On May 1, President Maduro announced plans to rewrite the 1999 constitution, and on July 30, the government held fraudulent elections, boycotted by the opposition, to select representatives to a National Constituent Assembly (ANC). On August 4, the ANC adopted a “coexistence decree” that effectively neutralized other branches of government. Throughout the year the government arbitrarily stripped the civil rights of opposition leaders to not allow them to run for public office. On October 15, the government held gubernatorial elections overdue since December 2016. The ruling United Socialist Party (PSUV) maintained it won 17 of the 23 governors’ seats, although the election was fraught with deficiencies, including a lack of independent, credible international observers, last-minute changes to polling station locations with limited public notice, manipulation of ballot layouts, limited voting locations in opposition neighborhoods, and a lack of technical audit for the National Electoral Council’s (CNE) tabulation. The regime then called for mayoral elections on December 10, with numerous irregularities favoring government candidates.

The most significant human rights issues included extrajudicial killings by security forces, including government sponsored “colectivos”; torture by security forces; harsh and life-threatening prison conditions; widespread arbitrary detentions; and political prisoners. The government unlawfully interfered with privacy rights, used military courts to try civilians, and ignored judicial orders to release prisoners. The government routinely blocked signals, interfered with the operations, or shut down privately owned television, radio, and other media outlets. The law criminalized criticism of the government, and the government threatened violence and detained journalists critical of the government, used violence to repress peaceful demonstrations, and placed legal restrictions on the ability of NGOs to receive foreign funding. Other issues included interference with freedom of movement; establishment of illegitimate institutions to replace democratically elected representatives; pervasive corruption and impunity among all security forces and in other national and state government offices, including at the highest levels; violence against women, including lethal violence; trafficking in persons; and the worst forms of child labor, which the government made minimal efforts to eliminate.

The government took no effective action to combat impunity that pervaded all levels of the civilian bureaucracy and the security forces.

Section 1. Respect for the Integrity of the Person, Including Freedom from:

a. Arbitrary Deprivation of Life and Other Unlawful or Politically Motivated Killings

Although the government did not release statistics on extrajudicial killings, NGOs reported that national, state, and municipal police entities, as well as the armed forces and government-supported “colectivos,” carried out such killings during the year.

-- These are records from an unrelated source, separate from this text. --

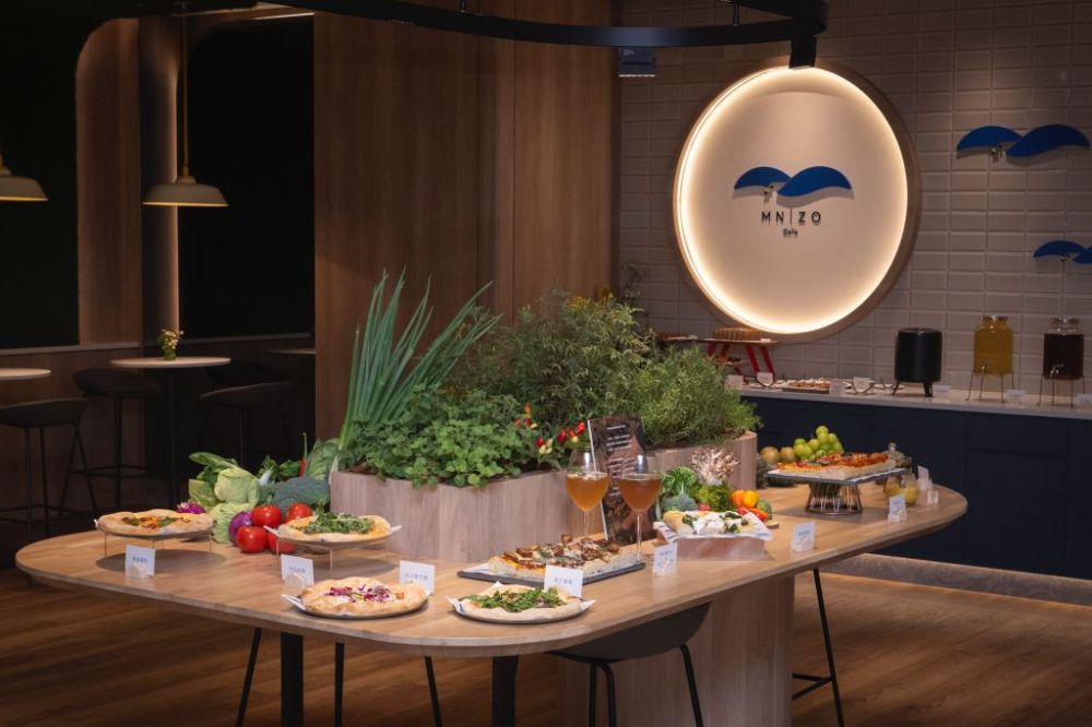 1樓MN|ZO CAFÉ&PIZZA以自然發酵為核心,烘焙採二次發酵技法,料理延續地中海飲食精神,以橄欖油、蔬菜、堅果、香料與乾貨番茄等元素平衡呈現,強調低負擔、高營養密度飲食方式,每款風味都著重提升食材原味。
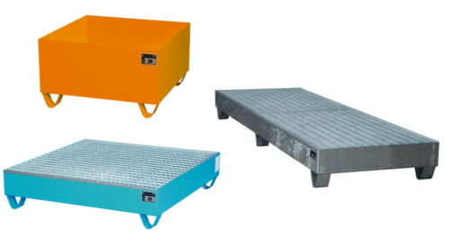 "longDescription": "<h2>Plateau d'égouttage</h2><strong>pour un stockage sûr sous le toit</strong><br><ul><li>Convient aux substances polluantes pour l'eau et inflammables.</li><li>Construction robuste en tôle d'acier</li><li>Convient pour le transport par chariot élévateur à fourche grâce à une hauteur inférieure pratique.</li></ul><br><h3>Vous avez le choix :</h3><ul><li>Durable ou accrocheur - surface galvanisée à chaud ou avec une peinture colorée.</li><li>Pour un volume de collecte encore plus important, en option avec une grille amovible</li></ul><br><strong>Dispositions légales</strong><br>Construction des bacs de rétent. agréée par les autorités. Pour le stockage abrité de produits dangereux pour l’eau et inflammables.<br>",
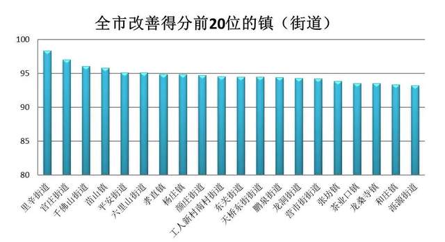 进入全市改善排名前20名的镇(街道)中,莱芜区5个,历下区3个,市中区、天桥区、钢城区、商河县各2个,槐荫区、长清区、章丘区、平阴县各1个。改善排名正数第1至20位分别为里辛街道、官庄街道、千佛山街道、苗山镇、平安街道、六里山街道、孝直镇、杨庄镇、颜庄街道、工人新村南村街道、东关街道、天桥东街街道、鹏泉街道、龙洞街道、营市街街道、张坊镇、茶业口镇、龙桑寺镇、和庄镇、泺源街道。
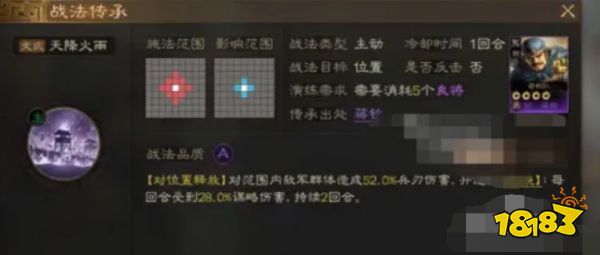 效果:对敌军单体造成60%谋略伤害,并对目标方形一格内敌军连续传递火焰,造成40%谋略伤害和2回合灼烧:每回合受到20%谋略伤害,可叠加。火焰最多传递4次。
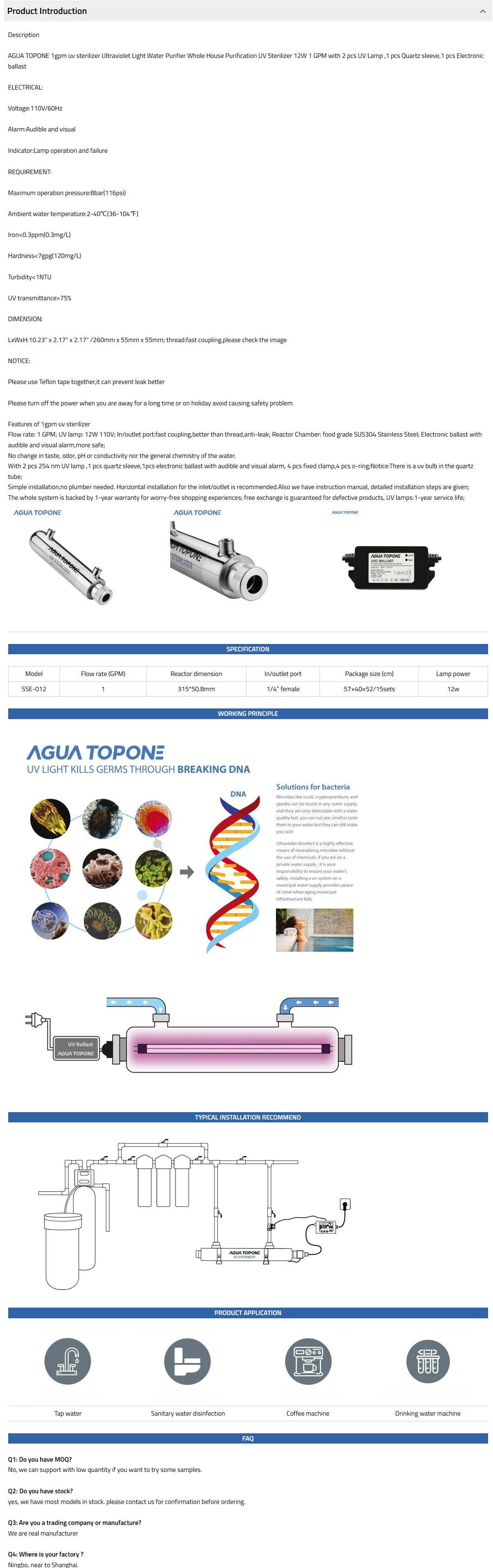 The SSE range has 8 models in the range and options to allow flexible installation, it is ideal for water tap, water disinfection system, etc.
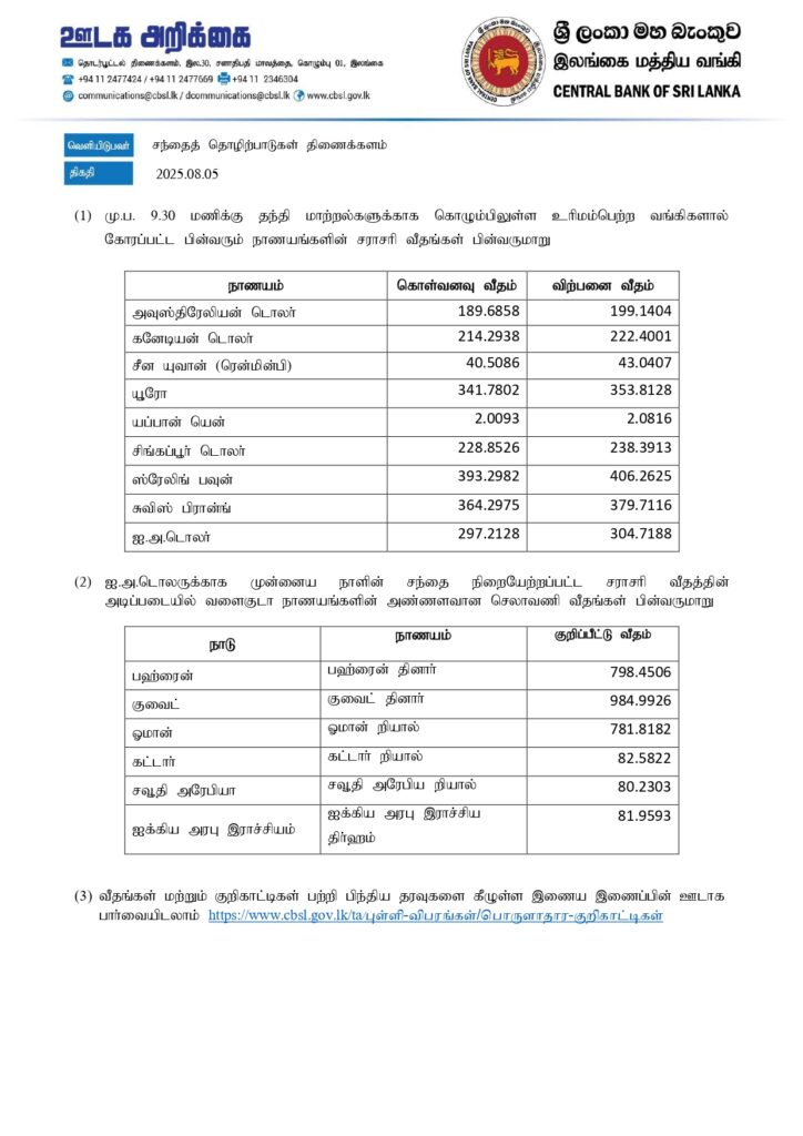 இலங்கை மத்திய வங்கி இன்று (05.08.2025) வெளியிட்டுள்ள நாணயமாற்று விகிதத்தின் அடிப்படையில்,
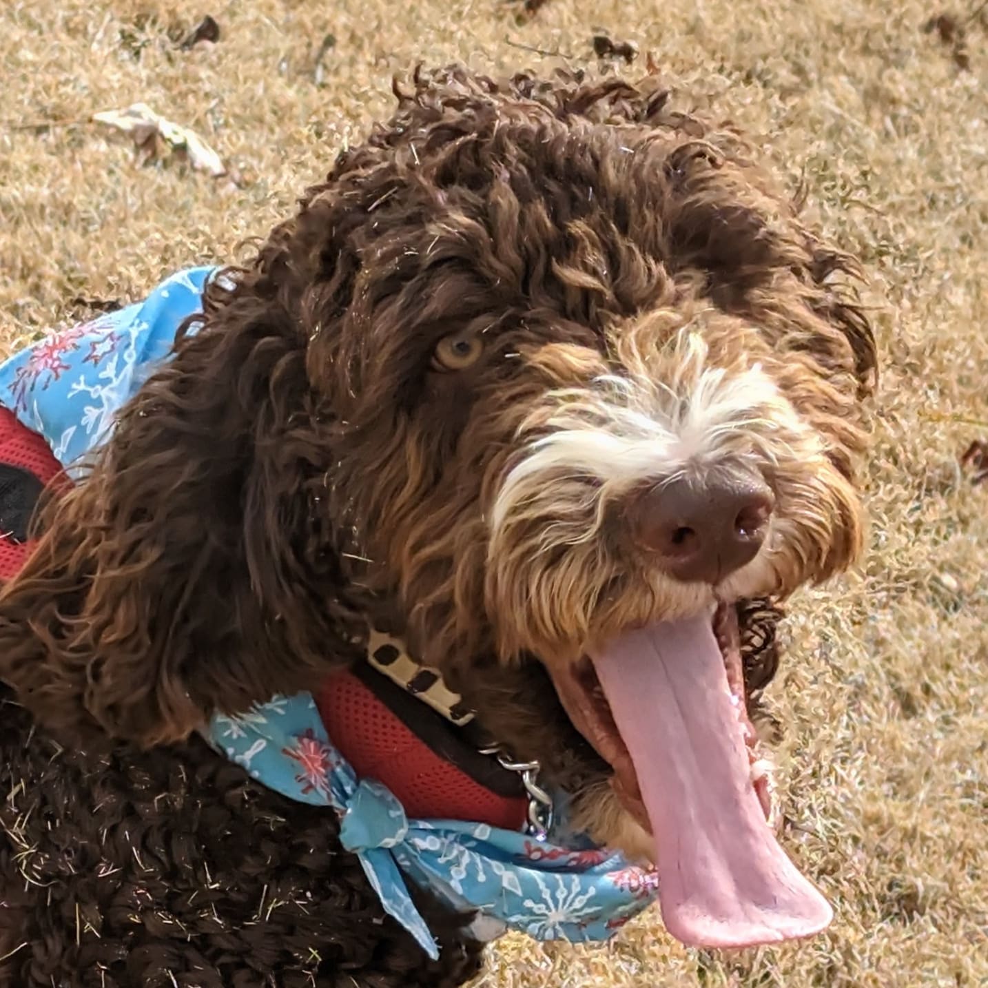 I'm trying really hard to be a normal dog, but I'm not quite there yet. I would love to have a home with at least one other playful dog. My foster mom is a dog-sitter so I have a wide variety of other dogs to interact with on a daily basis. While I have shown a preference for other doodles, I also enjoy the company of a retriever that comes a few times a week. These other dogs are teaching me that most humans are really great to be in the same room with, even if I'm not quite ready to snuggle. They are also teaching me that I'm supposed to bark when the mailman or Amazon guy comes to the door.
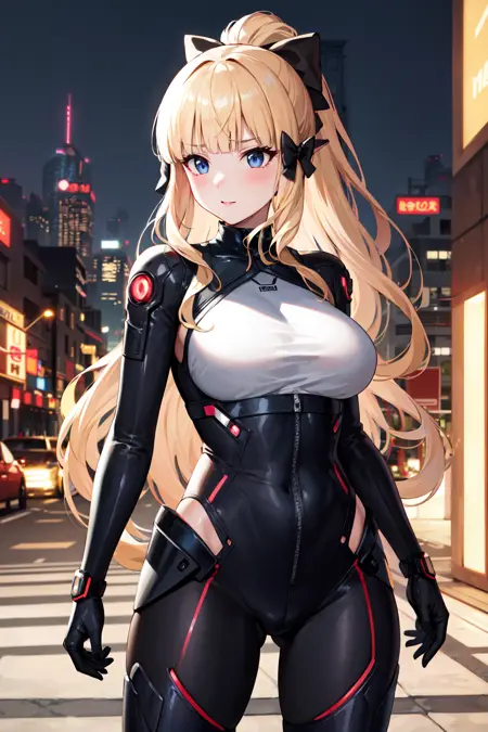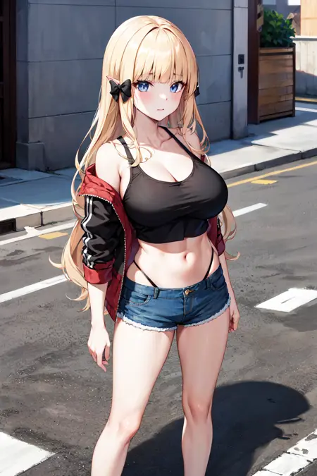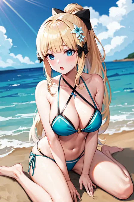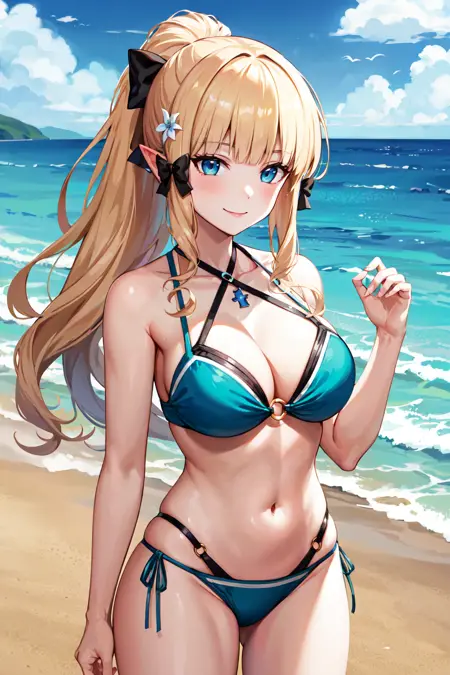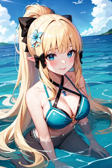 服装2bbsaren, 长发, 金发, 马尾, 齐刘海, 发带, 黑色蝴蝶结, 头发花朵, 尖耳, 交叉式吊带上衣, 深V领, 水蓝色比基尼, O型环

There was also no official information available on the number of public officials prosecuted or sentenced to prison for involvement in extrajudicial killings, which, in the case of killings committed by police, were often classified as “resistance to authority.” The government described antigovernment protesters as terrorists, and the president granted security forces emergency powers to control demonstrations. The NGO Committee for the Families of Victims of February-March 1989 (COFAVIC) continued to report there was no publicly accessible national registry of reported cases of extrajudicial killings.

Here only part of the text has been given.